Due to the draft (10 million according to Wartime Draft Comparisons), you may be correct that many didn't go because they felt compelled by their own motivations. However, the soldiers I've known personally each did. My grandmother sent four sons to war, and her husband reenlisted. And they all went for a variety of personal reasons, but the common factor was preservation of the republic.
For an example of a personal reason, my youngest uncle had been captured by the Japanese on Wake, so my younger father immediately enlisted in the army airforce thinking his contribution would help end the war sooner and bring home his closest brother. But he also knew about the Jewish concentration camps, and he knew that if we didn't stop Hitler, he would enslave the whole human race, aside from a few brainwashed or greedy Germans. This kind of fear awakened both patriotism and a will to action that placed their own lives at a lower value than that of the republic.
My family arrived here in 1655, and our British-born forebear was a military man. I think that story has repeated itself throughout American history: the men who built this country bore sons who knew when to answer the call of liberty. What about me? I'm not as brave, I haven't given anything. But I'm fiercely proud of my family, and even more grateful for the troops who engaged in amphibious assaults like D-day and the island-hopping war in the Pacific.

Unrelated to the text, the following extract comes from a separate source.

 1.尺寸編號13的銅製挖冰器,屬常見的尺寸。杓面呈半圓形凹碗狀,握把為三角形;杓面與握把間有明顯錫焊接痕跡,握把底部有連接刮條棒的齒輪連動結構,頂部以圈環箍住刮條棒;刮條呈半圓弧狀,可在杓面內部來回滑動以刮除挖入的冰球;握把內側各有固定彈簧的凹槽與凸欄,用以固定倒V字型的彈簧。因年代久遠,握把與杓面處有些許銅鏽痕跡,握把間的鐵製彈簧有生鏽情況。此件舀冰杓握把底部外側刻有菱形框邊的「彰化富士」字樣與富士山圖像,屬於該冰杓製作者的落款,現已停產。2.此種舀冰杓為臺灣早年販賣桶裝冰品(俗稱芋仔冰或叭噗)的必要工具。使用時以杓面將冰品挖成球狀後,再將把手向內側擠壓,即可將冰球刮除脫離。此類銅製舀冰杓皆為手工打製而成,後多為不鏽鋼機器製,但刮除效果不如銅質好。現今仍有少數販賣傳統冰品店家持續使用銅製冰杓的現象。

What are your sources? Your comments about Russian troops killing their political officers is very telling. While Stalin was purging his officers via death and lining up machine guns to kill those foot soldiers who retreated at the front, a front which represented the edge of safety for the Russian fatherland, Americans were put on boats and planes to go and hunt the enemy.
In other words, we had our propaganda, we had our ideology, and we took it to heart. This is what Americans do. When we decide to fight, there is no turning back. We will cross mountains, oceans, and fire to fight the enemy on his turf, against his emplacements, against his ideologies. And we will not need machine guns behind us. Never. That will be the end of the Republic.
Sure, many Americans were just there because they were told to go. But remember, Americans are not very likely to do anything they don't understand or don't agree is useful. That's the way we are.